The 28-year-old noted MLBPA executive director Tony Clark sought his input on changing the rule.
"I told him I don't agree with it, I think it should stay the same," Saltalamacchia said in his radio interview. "If you take that away, then you take away a lot of different things at the plate. You take the aggressiveness from the third-base coach to send [the runner]."
From a technique standpoint, Saltalamacchia added catchers will have to adjust how they anticipate bang-bang plays.
"You take away my approach on how to block the plate," he said. "Now, I've got to kind of learn a different way on what I have to do. I've got to figure out the rules to begin with. And then I've got to spend a lot of time in Spring Training trying to figure out what's the best way to go about it, and how to still save the run, because a lot of games can be decided by one run."
Catcher safety has become a hot topic, and there has been growing support to avoid unnecessary roughness at the plate.

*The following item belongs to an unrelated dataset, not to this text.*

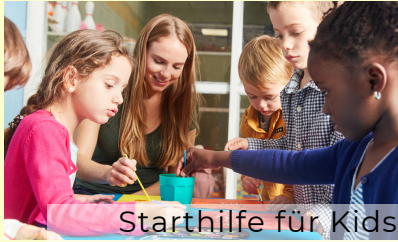
Starthilfe für Kids Schulkindbetreuung

Two high-profile managers -- Bruce Bochy (Giants) and Mike Matheny (Cardinals) -- have advocated a ban on collisions. Both are former catchers, and their opinions have carried weight in bringing about change.
In May 2011, the Marlins were involved in one of the highest-profile collisions in recent memory when Scott Cousins barreled over San Francisco's Buster Posey, who missed the remainder of the season. Marlins manager Mike Redmond, a former catcher, understands the risks of playing the position. He also sees the importance of protecting players.
Saltalamacchia has become a major investment in Miami.
After winning the World Series with the Red Sox, Saltalamacchia signed a three-year, $21 million contract with the Marlins in early December.
"That's a tough one because I think as a player, I don't know that I minded the collisions," Redmond said at the Winter Meetings in December. "As a manager, obviously, with the concussions and the injuries, I want to protect my guys. I don't want them to get hurt, because I need them.
"I'm not sure exactly the answer. But I know that we're working on that and working on protecting guys. I know that there is a solution out there. What it is, I'm not sure yet. But I don't want to see guys get hurt, and I know we're going to work on trying to protect these guys."